Die Vollmacht schickte ich dann per Post und drohte im Brief mit Anwalt und Medien. Daraufhin erhielt ich eine Mail, dass man das Guthaben nun überweisen wolle. Die Bonuszahlung stehe mir jedoch nach hinreichender Prüfung nicht zu, wieder diverse Gerichtsurteile beigefügt, bei denen Flexstrom recht bekommen hat.

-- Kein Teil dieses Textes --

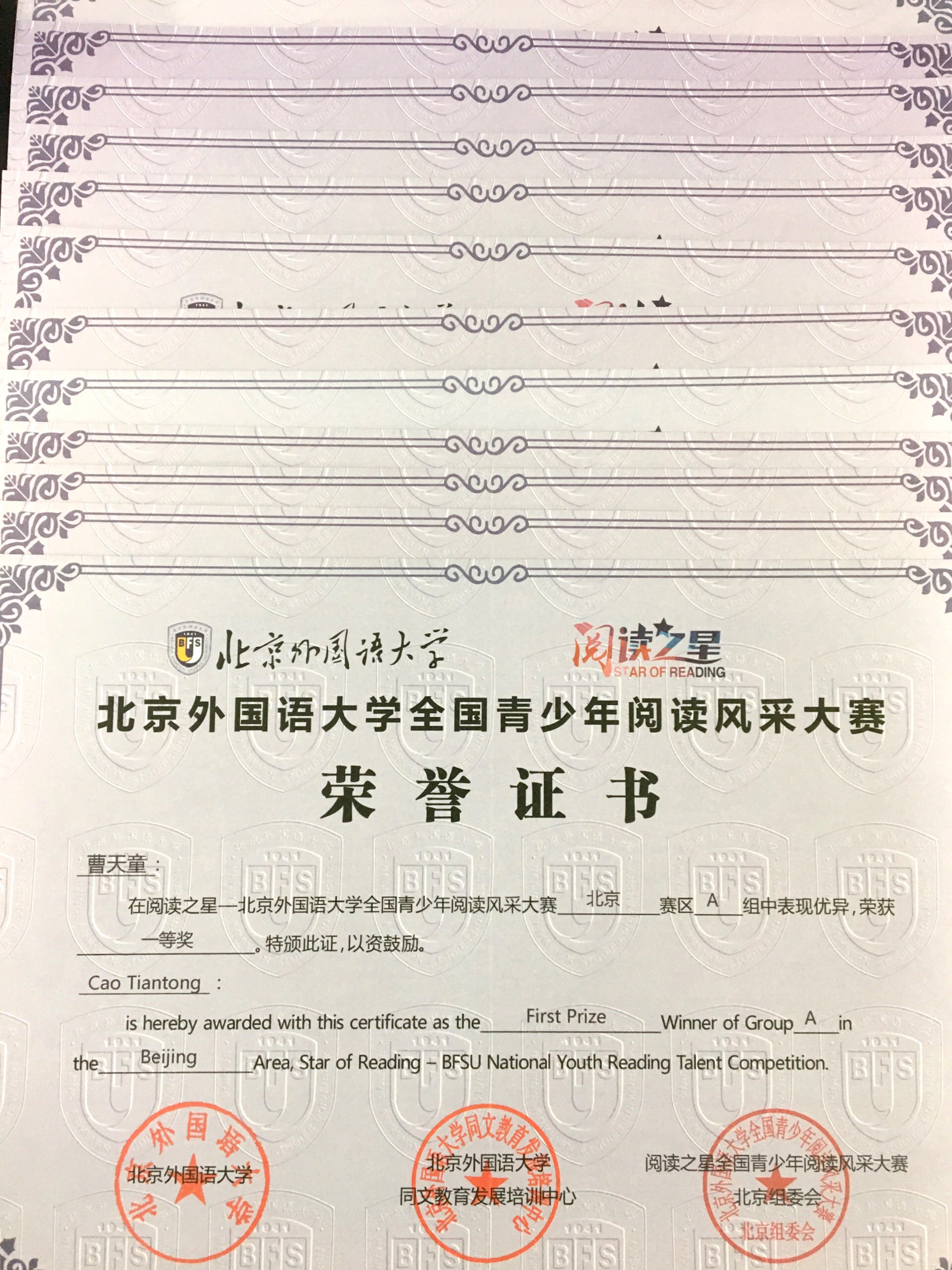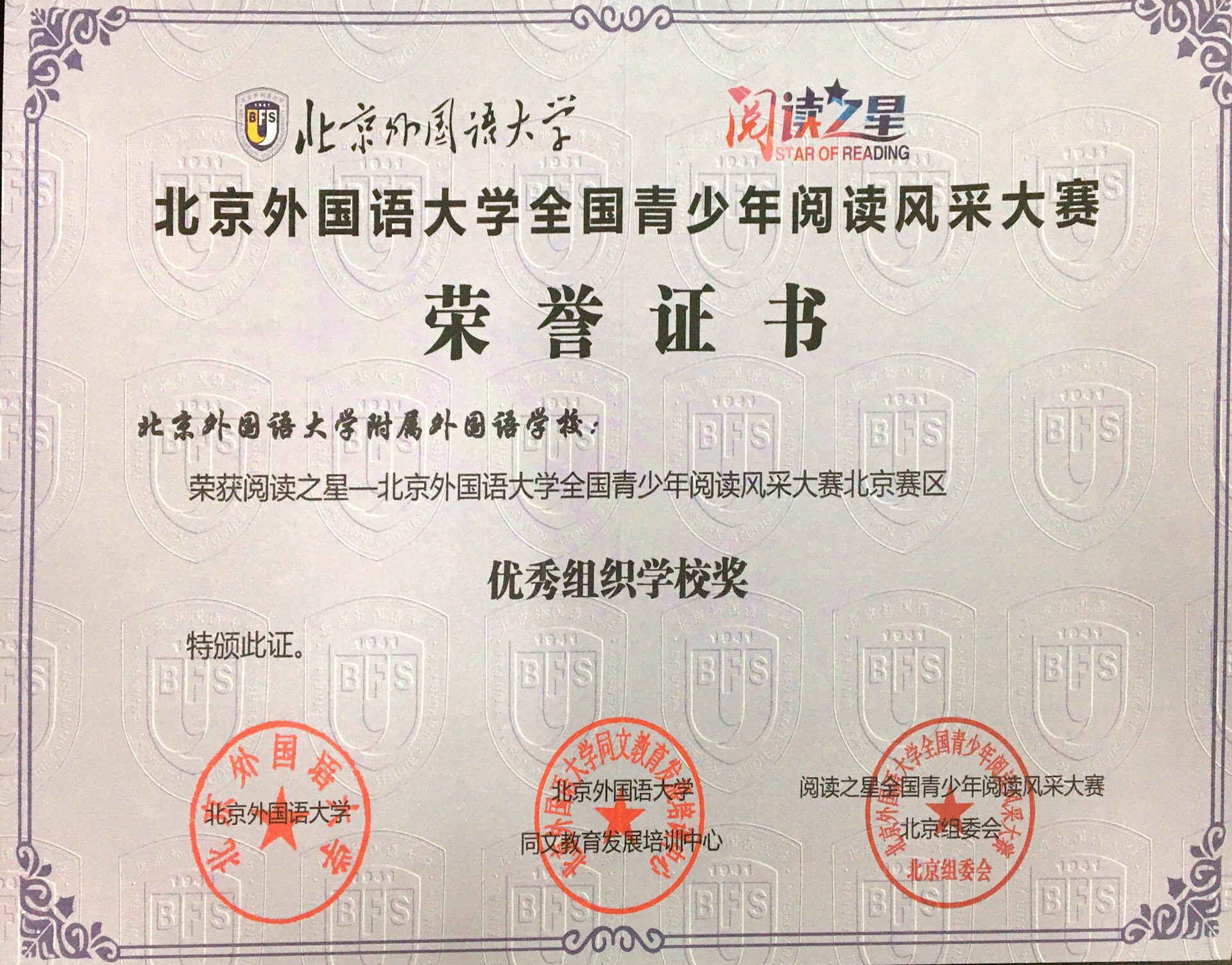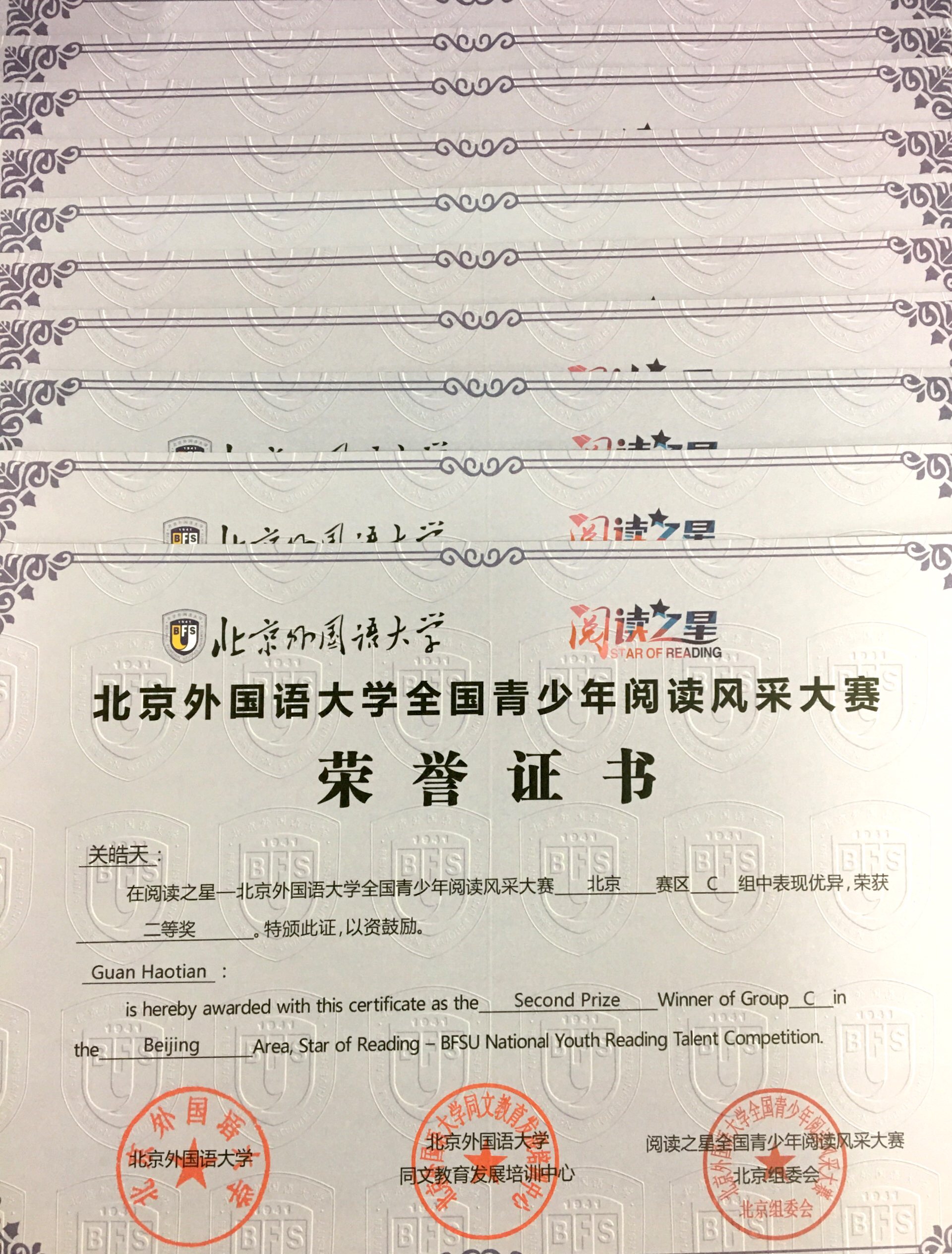 获奖学生:何宇翔,孙睿辰,袁佳熙,闫浚哲,杨泽霖,朱祉翔,冯钰珂,纪宇宸8名同学获得北京市级决赛“一等奖”;张孟桐获得市级决赛“二等奖”;周熙菲获得市级决赛“三等奖”;鱼铃沂,巴子为,杨舒钧,肖振奕,王晗喆,郑紫谦,崔欣儒,杨惠茜8名同学获得市级决赛“优秀奖”。

Mein Nachbar hatte das gleiche Problem und hat es bisher über die Verbraucherzentrale und über die neue "Schlichtungsstelle Energie e. V." versucht. Das Schreiben der Verbraucherzentrale, welches glaube ich 15,- € kostete, wurde ebenfalls abgewiesen. (Rückschreiben mit gewonennen Gerichtsurteilen, AGB's § 7.3, Bla Bla)

Nach dem Schreiben der Schlichtungsstelle änderte man die Rechnung immerhin so, dass er nun den Kundenbonus angerechnet bekommt. Jedoch wurde er nicht offiziell aufgeführt, sondern lediglich der Preis und Verbrauch so hingerechnet. Damit man ja nicht zugibt, den Kundenbonus zu zahlen. Dies ist mittlerweile ca. 8 Wochen her, trotz anerkanntem Guthaben ist noch immer kein Geld geflossen.